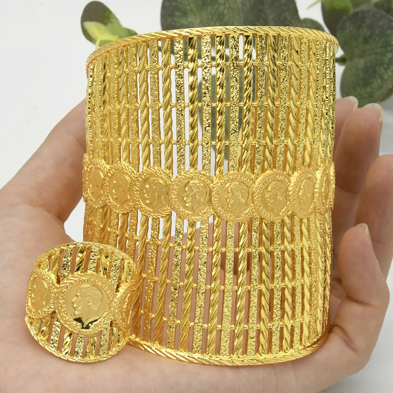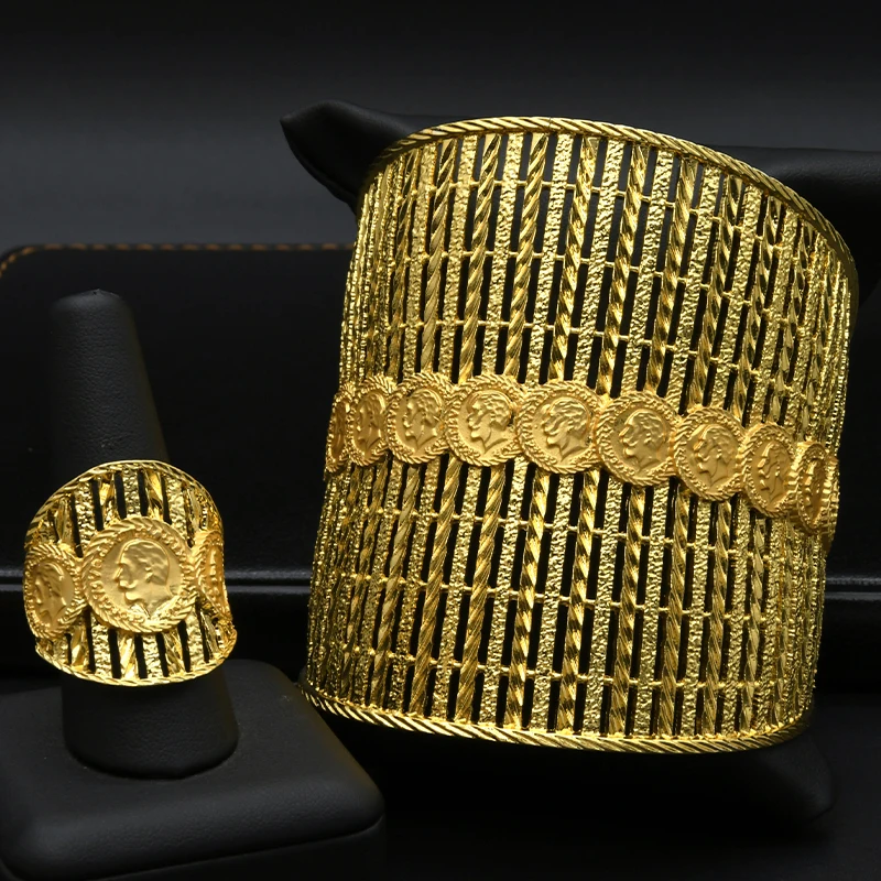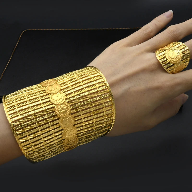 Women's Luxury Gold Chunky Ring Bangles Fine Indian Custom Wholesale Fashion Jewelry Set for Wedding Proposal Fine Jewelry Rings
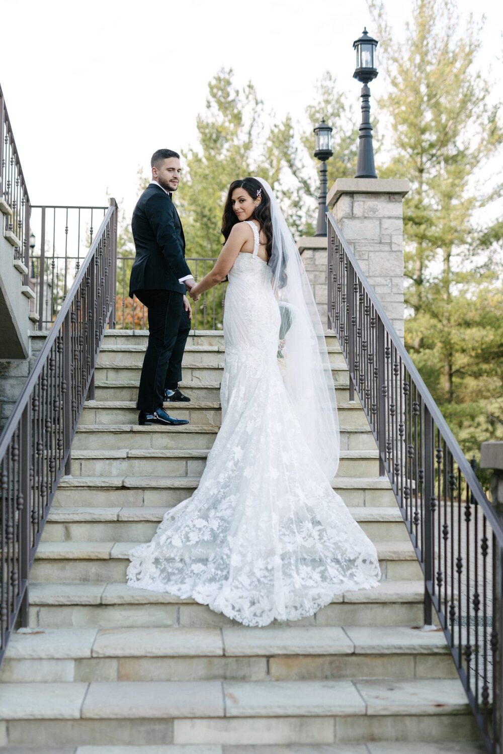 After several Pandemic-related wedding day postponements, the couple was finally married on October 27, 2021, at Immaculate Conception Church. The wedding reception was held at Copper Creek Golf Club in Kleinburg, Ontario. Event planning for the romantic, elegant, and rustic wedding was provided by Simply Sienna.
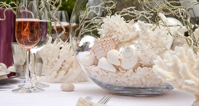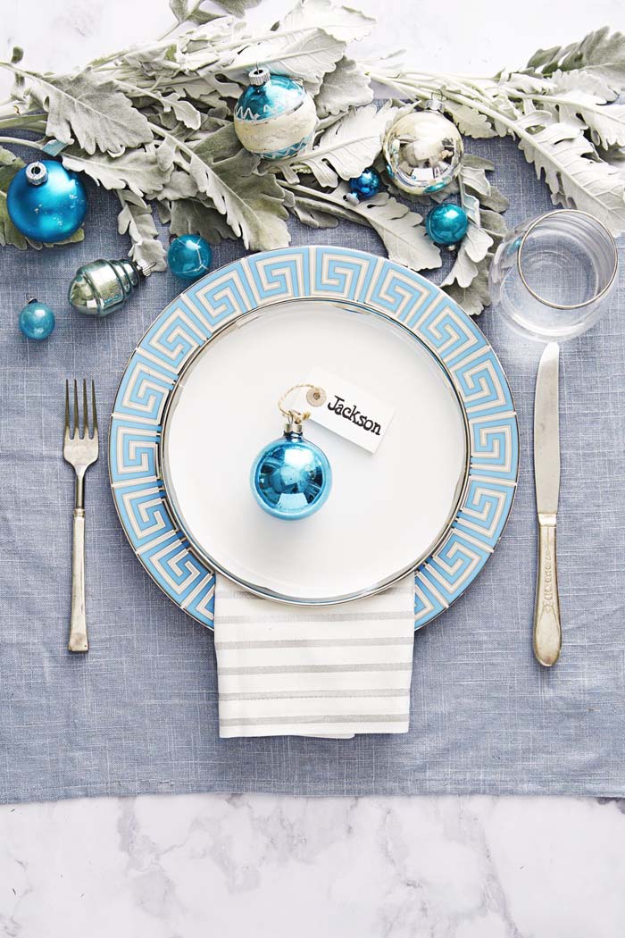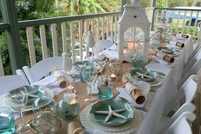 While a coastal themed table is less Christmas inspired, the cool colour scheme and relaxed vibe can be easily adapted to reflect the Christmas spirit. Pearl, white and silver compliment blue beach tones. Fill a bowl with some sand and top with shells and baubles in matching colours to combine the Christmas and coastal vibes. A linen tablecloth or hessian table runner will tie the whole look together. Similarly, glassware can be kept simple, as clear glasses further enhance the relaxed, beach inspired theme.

* **Task prompt**:
Return all of the lines above without alteration, minus the pictures.

* **Response to this task**:
 Women's Luxury Gold Chunky Ring Bangles Fine Indian Custom Wholesale Fashion Jewelry Set for Wedding Proposal Fine Jewelry Rings
 After several Pandemic-related wedding day postponements, the couple was finally married on October 27, 2021, at Immaculate Conception Church. The wedding reception was held at Copper Creek Golf Club in Kleinburg, Ontario. Event planning for the romantic, elegant, and rustic wedding was provided by Simply Sienna.
 While a coastal themed table is less Christmas inspired, the cool colour scheme and relaxed vibe can be easily adapted to reflect the Christmas spirit. Pearl, white and silver compliment blue beach tones. Fill a bowl with some sand and top with shells and baubles in matching colours to combine the Christmas and coastal vibes. A linen tablecloth or hessian table runner will tie the whole look together. Similarly, glassware can be kept simple, as clear glasses further enhance the relaxed, beach inspired theme.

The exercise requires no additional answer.